In Washington, the Senate Appropriations Committee approved language giving the Palestinian Arabs $225-million, which is $40-million more than the Biden administration requested at this stage. The committee’s action follows an identical step by the House of Representatives.
How can the congress be doing this when the Taylor Force Act of 2018 prohibits U.S. aid to the Palestinian Authority until the PA stops paying salaries and rewards to imprisoned terrorists and the families of dead terrorists.
The answer is simple—they will evade the law by routing the funds through non-governmental organizations. But that’s just sleight-of-hand worthy of the Amazing Randy. Make no mistake about it: this is American money for the PA in another form. Aid is fungible. That $225-million will mean the PA has to spend $225-million less of its own money.
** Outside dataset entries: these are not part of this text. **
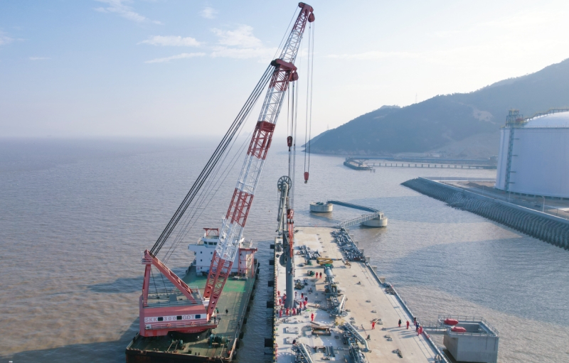 12月26日,华港LNG码头工程项目4台LNG卸料臂耗时9小时吊装就位,实现了项目建设的又一个关键里程碑,标志着码头区域的安装工作正式进入高峰期,为后续码头区域安装调试及项目正式投产奠定了坚实的基础。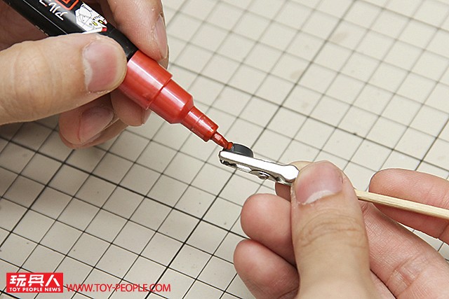 ▼ 在眼睛的部分,使用鋼彈麥克筆的金屬紅上色。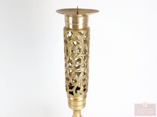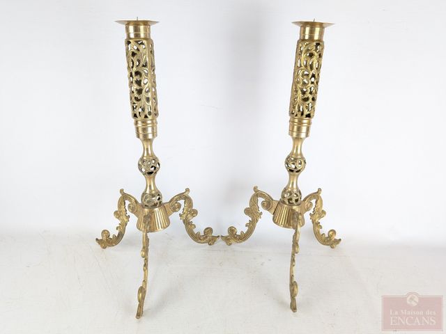 Lot # 3 - Paire de bougeoirs en laiton massif, mesurant 21 pouces de hauteur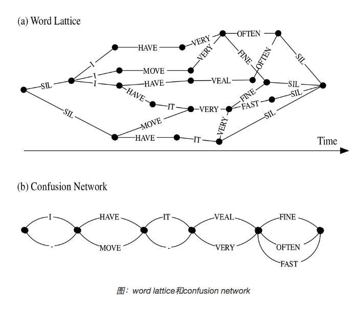 我们也可以把word lattice表示成更加紧凑的confusion network,如下图b所示。图中”-“表示空跳转。在confusion network中,点并不严格表示时间顺序,因此平行的边(起点和终点都相同的边)不代表它们的开始时间或结束时间相同。但是大多数时候,我们可以认为平行的边代表它们对应的词是一种竞争关系,比如图中的HAVE和MOVE。confusion network保证:对于lattice中的每一条路径,在confusion network中都有一条对应的路径。confusion network中的边上一般会有一个与边上词相关的一个后验概率,它是通过在word lattice中使用前向后向算法计算出来概率,然后把平行边的概率归一化了。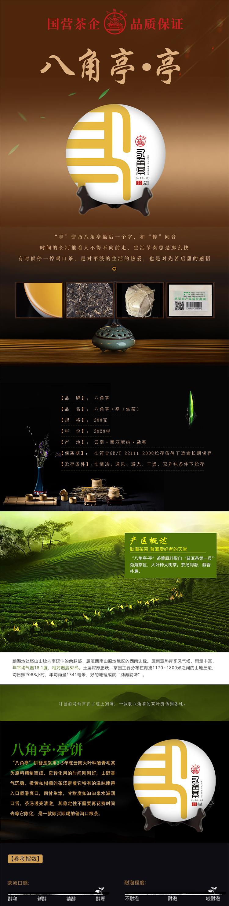 云墾茶業(yè)集團(tuán)下屬茶葉生產(chǎn)企業(yè)——云南農(nóng)墾集團(tuán)勐海八角亭茶業(yè)有限公司原名黎明茶廠,是我國歷史最為悠久的茶企之一,曾位列“中國普洱茶十大知名品牌”“十大最受歡迎茶葉品牌”、“中國普洱茶十大暢銷品牌”中,成為今天市場上最有影響力的品牌之一。公司產(chǎn)品獲得“綠色食品”、ISO9001、 HACCP和云茶品牌(YC)4項認(rèn)證,連續(xù)獲得“云南名牌農(nóng)產(chǎn)品”“云南名牌產(chǎn)品”“云南省著名商標(biāo)”等品牌榮譽(yù),公司生產(chǎn)的多款普洱茶在歷次專業(yè)評比中多次獲得特等金獎和金獎。在2018第五屆中國企業(yè)五星品牌論壇上,云南農(nóng)墾集團(tuán)勐海八角亭茶業(yè)有限公司上榜中國普洱茶行業(yè)影響力品牌——“金芽獎”,公司負(fù)責(zé)人陳勝軍先生獲“陸羽獎”,被授予2017“國際十大杰出茶人”榮譽(yù)稱號。

U.S. Senator Christopher Coons said the U.S. aid “reflects America’s core values.” I beg to differ. Terrorism, authoritarianism, and corruption are not American values. They are the values of the Palestinian Authority, a regime that deserves no American support.
Sweden, by contrast, seems to be having second thoughts about the $49-million that it gave to the Palestinian Arabs last year. During her visit to Israel last week, Swedish foreign minister Ann Linde indicated that Sweden may be rethinking whether to continue that aid. She said that “corruption at such a level as exists in Palestine” has to end “if we are to be able to fully support” the PA.
Let’s be honest, Sweden is far from Israel’s best friend in Europe. The Swedes have passionately supported forcing Israel back to the indefensible 1967 lines and creating a deadly Palestinian state in Israel’s back yard. Sweden also still pretends that Tel Aviv, not Jerusalem, is Israel’s capital.
But apparently the Swedes are concerned about how their money is spent. I wonder why some of America’s leaders do not seem to have that same level of concern. I don’t see any statements from Sen. Coons or his colleagues saying that U.S. aid to the Palestinian Arabs should be conditioned on ending corruption.
Another interesting contrast: the Biden administration is withholding $130-military aid from Egypt because of human rights violations there. Yet the administration and its congressional allies apparently have no problem with the PA’s torture of dissidents, suppression of media critics, or mistreatment of women. Don’t Palestinian human rights matter?
Three years ago, two other European countries that are not particularly known as lovers of Israel likewise offered a model for the United States to follow.
Belgium, which had been giving the Palestinian Arabs more than $20-million annually, announced that it “will put on hold any projects related to the construction or equipment of Palestinian schools.” That was because Palestinian Media Watch exposed that a Belgian-funded Palestinian school, the Beit Awwa Basic Girls School, changed its name to the Dalal Mughrabi Elementary School.
Mughrabi was the leader of the Fatah terrorist gang that landed on Israel’s shore on March 9, 1978. They murdered an American Jewish nature photographer, Gail Rubin (the niece of U.S. Senator Abraham Ribicoff), then hijacked an Israeli bus and massacred 36 passengers, including 12 children. One of Mughrabi’s accomplices was later hired as a senior adviser to PA chairman Mahmoud Abbas.
Norway decided that it, too, does not want to be associated with Mughrabi. The Norwegians had contributed $10,000 to a women’s center in the PA town of Burqa. The PA named the center after mass-murderer Mughrabi. The Norwegian government demanded, and received, a full refund.
If these three European countries can stand up for the principle of opposing the glorification of Palestinian terrorism, shouldn’t the United States be able to do likewise?
American Jewish organizations need to speak out against the proposed $225-million U.S. aid package to the Palestinian Arabs. Our tax dollars should not be sent—either directly or indirectly—to corrupt, terror-promoting regimes. Belgium, Norway, and now Sweden, are setting an example that the Biden administration should follow.